Brief
Your answer is the lines below, exactly, from the one that contains "Philipp Thöni und" through the one that contains "The manual winding", both included.

Segment Start: Given records

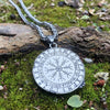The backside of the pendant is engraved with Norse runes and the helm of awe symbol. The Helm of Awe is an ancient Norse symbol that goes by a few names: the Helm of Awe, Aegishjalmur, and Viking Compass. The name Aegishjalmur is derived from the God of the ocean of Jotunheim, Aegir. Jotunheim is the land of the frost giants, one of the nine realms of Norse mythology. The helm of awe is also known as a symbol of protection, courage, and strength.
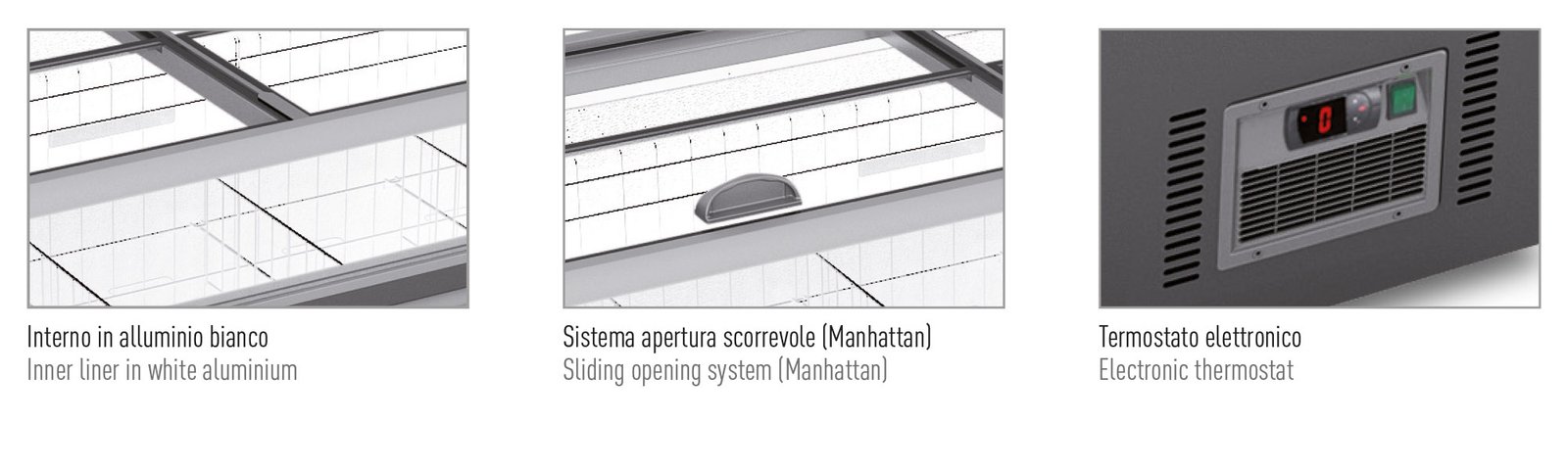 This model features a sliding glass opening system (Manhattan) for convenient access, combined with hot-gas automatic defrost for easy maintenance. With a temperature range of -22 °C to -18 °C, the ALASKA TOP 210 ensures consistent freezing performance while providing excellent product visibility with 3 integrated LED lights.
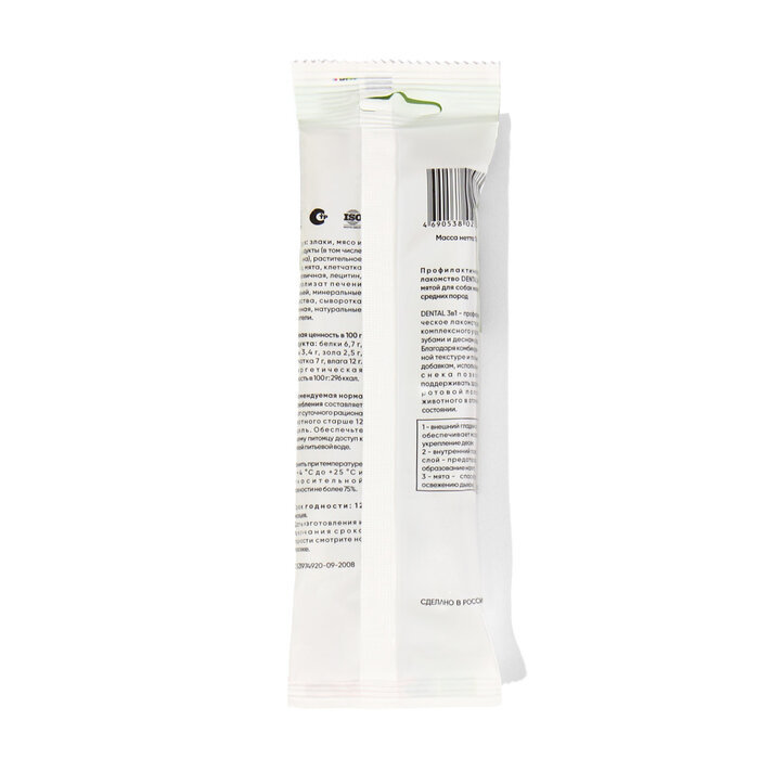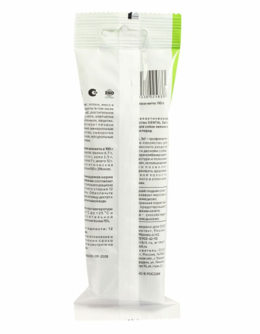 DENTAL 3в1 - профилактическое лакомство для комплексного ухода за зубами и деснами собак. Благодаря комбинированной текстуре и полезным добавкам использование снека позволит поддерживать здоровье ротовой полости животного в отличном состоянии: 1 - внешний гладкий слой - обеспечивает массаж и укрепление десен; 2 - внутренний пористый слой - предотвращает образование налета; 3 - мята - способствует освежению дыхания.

Segment End: Given records
Segment Start: Given records

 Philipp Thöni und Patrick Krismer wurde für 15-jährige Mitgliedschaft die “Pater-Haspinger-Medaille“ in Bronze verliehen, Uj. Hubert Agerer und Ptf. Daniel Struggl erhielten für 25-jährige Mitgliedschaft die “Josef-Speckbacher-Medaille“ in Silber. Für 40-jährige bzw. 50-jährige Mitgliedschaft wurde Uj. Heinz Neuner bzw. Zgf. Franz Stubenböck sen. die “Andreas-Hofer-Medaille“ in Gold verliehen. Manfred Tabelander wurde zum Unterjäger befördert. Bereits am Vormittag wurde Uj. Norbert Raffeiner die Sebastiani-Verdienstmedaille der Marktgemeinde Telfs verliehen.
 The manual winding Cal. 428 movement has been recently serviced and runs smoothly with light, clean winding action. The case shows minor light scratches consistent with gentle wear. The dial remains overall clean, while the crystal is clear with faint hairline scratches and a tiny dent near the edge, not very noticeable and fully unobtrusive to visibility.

Segment End: Given records

Answer box
 Philipp Thöni und Patrick Krismer wurde für 15-jährige Mitgliedschaft die “Pater-Haspinger-Medaille“ in Bronze verliehen, Uj. Hubert Agerer und Ptf. Daniel Struggl erhielten für 25-jährige Mitgliedschaft die “Josef-Speckbacher-Medaille“ in Silber. Für 40-jährige bzw. 50-jährige Mitgliedschaft wurde Uj. Heinz Neuner bzw. Zgf. Franz Stubenböck sen. die “Andreas-Hofer-Medaille“ in Gold verliehen. Manfred Tabelander wurde zum Unterjäger befördert. Bereits am Vormittag wurde Uj. Norbert Raffeiner die Sebastiani-Verdienstmedaille der Marktgemeinde Telfs verliehen.
 The manual winding Cal. 428 movement has been recently serviced and runs smoothly with light, clean winding action. The case shows minor light scratches consistent with gentle wear. The dial remains overall clean, while the crystal is clear with faint hairline scratches and a tiny dent near the edge, not very noticeable and fully unobtrusive to visibility.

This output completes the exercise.